[[ Supplied records open ]]

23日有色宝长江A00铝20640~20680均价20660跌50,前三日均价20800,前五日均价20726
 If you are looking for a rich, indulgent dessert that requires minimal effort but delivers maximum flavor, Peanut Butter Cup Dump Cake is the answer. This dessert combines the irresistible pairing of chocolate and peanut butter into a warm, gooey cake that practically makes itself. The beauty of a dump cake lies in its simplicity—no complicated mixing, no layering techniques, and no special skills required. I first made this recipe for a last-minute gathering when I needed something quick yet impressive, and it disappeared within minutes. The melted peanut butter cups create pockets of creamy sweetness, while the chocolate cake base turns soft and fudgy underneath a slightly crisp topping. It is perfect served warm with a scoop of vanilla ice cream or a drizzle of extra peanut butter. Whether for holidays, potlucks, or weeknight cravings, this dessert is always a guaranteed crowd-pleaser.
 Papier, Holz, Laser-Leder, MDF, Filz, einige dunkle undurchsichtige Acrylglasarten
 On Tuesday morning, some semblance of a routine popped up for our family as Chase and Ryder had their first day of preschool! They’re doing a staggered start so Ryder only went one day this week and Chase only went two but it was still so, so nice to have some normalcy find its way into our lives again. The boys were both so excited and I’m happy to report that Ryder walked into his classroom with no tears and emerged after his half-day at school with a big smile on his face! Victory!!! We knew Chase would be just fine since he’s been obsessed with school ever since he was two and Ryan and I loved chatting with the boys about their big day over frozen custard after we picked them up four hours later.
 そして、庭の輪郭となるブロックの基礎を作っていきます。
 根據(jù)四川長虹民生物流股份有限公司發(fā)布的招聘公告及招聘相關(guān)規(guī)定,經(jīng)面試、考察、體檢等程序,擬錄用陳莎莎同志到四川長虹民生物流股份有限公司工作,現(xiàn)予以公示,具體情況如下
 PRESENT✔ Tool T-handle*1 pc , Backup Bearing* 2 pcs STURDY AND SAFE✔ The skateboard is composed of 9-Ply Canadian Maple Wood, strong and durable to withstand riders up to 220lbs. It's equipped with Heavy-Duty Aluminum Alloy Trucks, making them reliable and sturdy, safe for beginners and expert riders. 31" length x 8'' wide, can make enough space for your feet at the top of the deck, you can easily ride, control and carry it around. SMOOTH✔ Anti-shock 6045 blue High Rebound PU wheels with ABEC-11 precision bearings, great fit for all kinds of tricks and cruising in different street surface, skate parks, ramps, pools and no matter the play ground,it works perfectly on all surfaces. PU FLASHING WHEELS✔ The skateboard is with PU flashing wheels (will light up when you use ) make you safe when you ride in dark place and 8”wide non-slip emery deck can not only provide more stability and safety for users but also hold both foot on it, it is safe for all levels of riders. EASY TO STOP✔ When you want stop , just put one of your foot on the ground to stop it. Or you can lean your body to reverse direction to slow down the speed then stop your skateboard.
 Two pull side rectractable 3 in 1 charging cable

[[ Supplied records closed ]]

*Directions for this task*. Reproduce the lines above, beginning at the line with "If you are looking" and stopping after the line with "Papier, Holz, Laser-Leder, MDF, Filz, einige", exactly as they are.

*Problem solution*.
 If you are looking for a rich, indulgent dessert that requires minimal effort but delivers maximum flavor, Peanut Butter Cup Dump Cake is the answer. This dessert combines the irresistible pairing of chocolate and peanut butter into a warm, gooey cake that practically makes itself. The beauty of a dump cake lies in its simplicity—no complicated mixing, no layering techniques, and no special skills required. I first made this recipe for a last-minute gathering when I needed something quick yet impressive, and it disappeared within minutes. The melted peanut butter cups create pockets of creamy sweetness, while the chocolate cake base turns soft and fudgy underneath a slightly crisp topping. It is perfect served warm with a scoop of vanilla ice cream or a drizzle of extra peanut butter. Whether for holidays, potlucks, or weeknight cravings, this dessert is always a guaranteed crowd-pleaser.
 Papier, Holz, Laser-Leder, MDF, Filz, einige dunkle undurchsichtige Acrylglasarten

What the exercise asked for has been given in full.